Tidak pernah sebelum atau sejak saat itu ada orang dewasa yang mau mendengarkan Totto-chan bercerita selama empat jam. Tentu saja ketika itu dia tidak tahu bahwa dia dikeluarkan dari sekolah karena gurunya sudah kehabisan akal menghadapinya. Wataknya yang periang dan terkadang suka melamun, membuat Totto-chan berpenampilan polos. Tapi, jauh di dalam hatinya, dia merasa dirinya dianggap aneh dan berbeda dari anak-anak lain. Kuboyashi telah membuatnya merasa aman, hangat dan senang.

Sejak saat itulah hubungan persahabatan dimulai antara guru dan murid. Semua impresi yang didapat dalam pengalamannya di Sekolah Tomoe Gakuen --teman-teman yang dimiliki, pelajaran yang didapat, dan semua kejutan dan hubungan dengan orang-orang di sekolah -- diceritakan melalui sudut pandang seorang anak.

Totto-chan memang sering melakukan perbuatan yang aneh, menjengkelkan dan mencemaskan bagi orang dewasa. Dia suka mengikuti imajinasinya dan bertindak impulsif karena dorongan keingintahuannya.

Anak perempuan kecil itu pernah terkubur semalaman dalam adukan semen. Celana dalamnya selalu sobek setiap pulang sekolah—karena kesenangannya menyuruk di bawah kawat duri dengan gerakan maju-mundur.
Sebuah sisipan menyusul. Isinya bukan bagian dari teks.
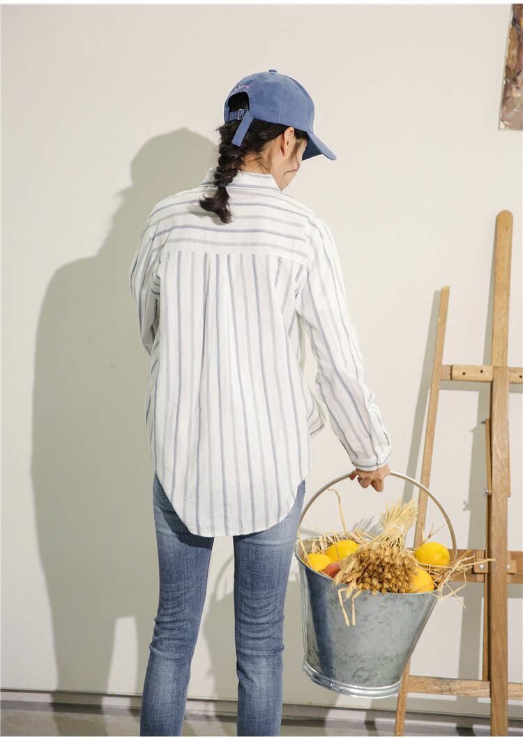 羽織りとしても便利なストライプ柄シャツです。

Dan dia pernah menguras seluruh isi septic tank (bak pembuangan WC) di sekolah, cuma untuk mencari dompet cantiknya yang terjatuh ke tempat gelap yang sangat jorok dan bau itu.

Totto-chan ketika dewasa berkata tentang Gurunya:

"Aku yakin jika sekarang ada sekolah-sekolah seperti Tomoe, kejahatan dan kekerasan yang begitu sering kita dengar sekarang dan banyaknya anak putus sekolah akan jauh berkurang. Di Tomoe tak ada anak yang ingin pulang ke rumah setelah jam pelajaran selesai. Dan di pagi hari, kami tak sabar ingin segera sampai ke sana."

"Dalam kasusku sendiri, sulit bagiku untuk mengukur betapa aku sangat tertolong oleh caranya mengatakan padaku, berulang-ulang,”Kau anak yang benar-benar baik, kau tahu itu kan ?”"

"Seandainya aku tidak bersekolah di Tomoe dan tidak pernah bertemu Mr. Kobayashi, mungkin aku akan dicap anak nakal, tumbuh tanpa rasa percaya diri, menderita kelainan jiwa dan bingung."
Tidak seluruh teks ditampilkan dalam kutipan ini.